As noted articles in Hiroshima’s daily newspaper, the Chugoku Shimbun, Abe had also started to become active with other hibakusha in early efforts to support survivors and pursue peace efforts in the mid-1950s, just as the country was beginning to pay more attention to nuclear issues. The end of the U.S. occupation of Japan in the early 1950s brought an end to severe censorship of discussions of the bombings. Writing under a pen name, Eriko, Abe contributed one of 27 personal accounts to a groundbreaking 1953 book entitled Surviving the A-bombing (Genbaku ni Ikite) In her chapter, which took the form of a letter to a friend, she described the loneliness of feeling that her injuries would never heal as others built new lives in a more peaceful Japan that was starting to become more affluent.[vi] In her chapter, which took the form of a letter to a friend, she described the loneliness of feeling that her injuries would never heal as others built new lives in a more peaceful Japan that was starting to become more affluent. 

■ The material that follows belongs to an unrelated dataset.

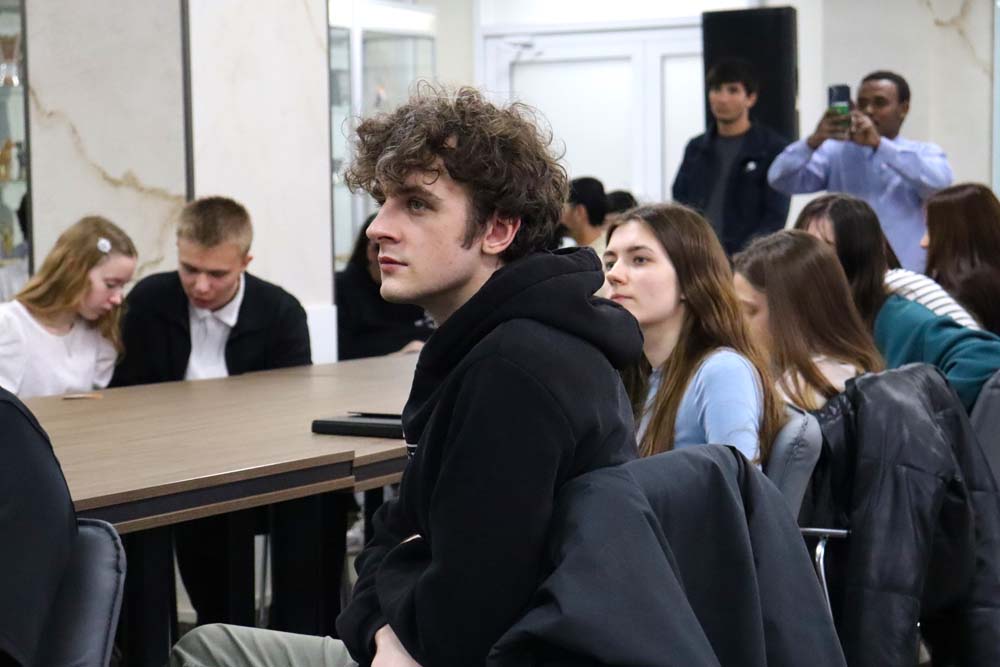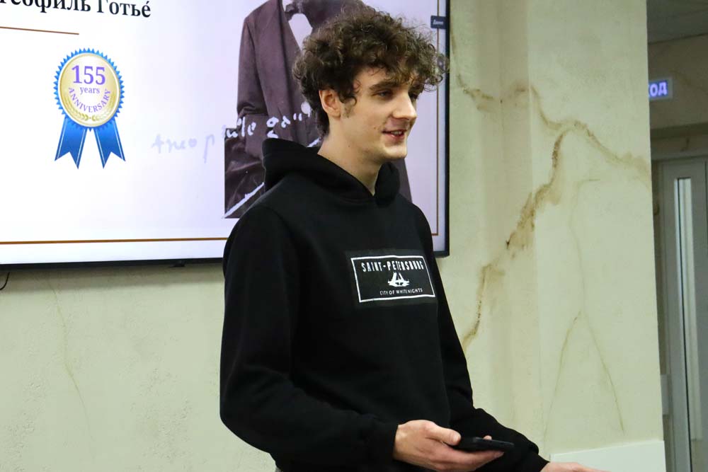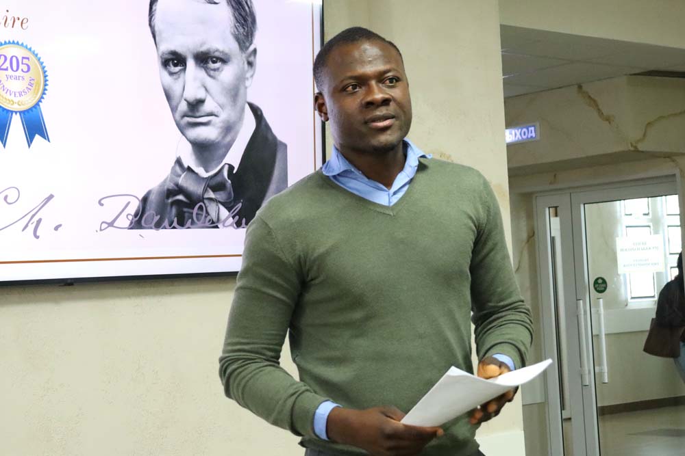 Ведущим вечера выступил стажёр международного информационного центра департамента международного сотрудничества, студент института межкультурной коммуникации и международных отношений Сану Ибрагим Ромуальд, который в завершение встречи, прочитав стихи собственного сочинения по-французски и представив их перевод на русский язык, пригласил всех желающих стать участниками Международного конкурса перевода студенческих поэтических текстов «Цветы под стеклом». Конкурс завершится чествованием участников и победителей во Всемирный день книги 23 апреля.

As Abe, at age 98, recalled for an article in early 2025, she attended Japan’s first major international conference opposing nuclear weapons in 1955 (the World Conference Against Atomic and Hydrogen Bombs). There, in her hometown, she was struck by the warm reception conference participants gave the hibakusha attending the conference.“ I had been feeling depressed because people would say things to me as if to rub salt into my wounds, but the people at the conference were kind.”[vii] In 1956, she took one of her children, a son then 6 years old, with her to Tokyo as she joined a group urging the national government to enact the first law extending coverage of bomb-related health care expenses to some hibakusha. A poem she wrote during the campaign for support of the hibakusha would later become a song that was sung at anti-nuclear gatherings.[viii] It read: Place your hands with the warmth of the 10 o’clock sun/on the survivors who have forgotten how to smile amid their sorrow and suffering/ so that they may still feel glad to be alive.”[ix]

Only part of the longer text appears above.